Wer hilft? Adressen von zugelassenen Psychotherapeuten finden Sie zum Beispiel auf der Internetseite der Kassenärztlichen Vereinigung (KV) Ihres Bundeslandes. Deren Terminservicestelle hilft, einen Termin zu erhalten. Auch Ihr Hausarzt, Internist, Kardiologe oder eine psychosomatische Ambulanz (siehe oben) kann in dringenden Fällen behilflich sein.   

Bei manchen psychischen Erkrankungen wie Depressionen und Angststörungen kann die Behandlung mit Antidepressiva sinnvoll sein. Allerdings wirken sich einige Antidepressiva ungünstig auf das Herz-Kreislauf-System aus. Die Kombination mit manchen Herzmedikamenten kann zu Herzrhythmusstörungen oder einer verstärkten Blutungsneigung führen. Antidepressiva sollten deshalb nur von einem Facharzt und nach sorgfältiger Nutzen-Risiko-Abwägung verordnet werden. EKG und Blutwerte müssen dabei regelmäßig kontrolliert werden.  
Achtung: Beruhigungsmittel aus der Gruppe der Benzodiazepine können keine antidepressive Medikation ersetzen.
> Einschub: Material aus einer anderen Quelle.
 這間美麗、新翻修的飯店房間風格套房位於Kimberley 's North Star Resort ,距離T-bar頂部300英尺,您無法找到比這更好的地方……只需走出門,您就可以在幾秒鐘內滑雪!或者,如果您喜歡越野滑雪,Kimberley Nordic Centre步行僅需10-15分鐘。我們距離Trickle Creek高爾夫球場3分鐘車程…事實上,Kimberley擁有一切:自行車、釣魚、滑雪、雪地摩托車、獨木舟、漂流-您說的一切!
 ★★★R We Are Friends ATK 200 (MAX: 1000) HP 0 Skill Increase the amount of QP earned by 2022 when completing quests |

Deren langfristige Einnahme ist mit einem hohen Abhängigkeitsrisiko verbunden. 

Wer hilft? Ihr Hausarzt. Dieser wird Sie gegebenenfalls an einen Psychiater oder Psychosomatiker überweisen.  
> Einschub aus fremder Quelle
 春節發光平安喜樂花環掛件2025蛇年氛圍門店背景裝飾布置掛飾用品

Für schwer erkrankte Herzpatienten, bei denen eine ambulante Behandlung nicht möglich oder ausreichend ist, existieren vereinzelt psychokardiologische Krankenhausstationen. Im Rahmen eines mehrwöchigen Aufenthalts werden die psychischen und sozialen Probleme des Patienten ebenso wie die Herzkrankheit individuell und intensiv behandelt. Die Kombination von internistisch-kardiologischer Behandlung, Einzel- und Gruppenpsychotherapie, Informationsveranstaltungen und Entspannungsübungen können die körperlichen und psychischen Beschwerden bessern und zu einer positiven Zukunftssicht beitragen. 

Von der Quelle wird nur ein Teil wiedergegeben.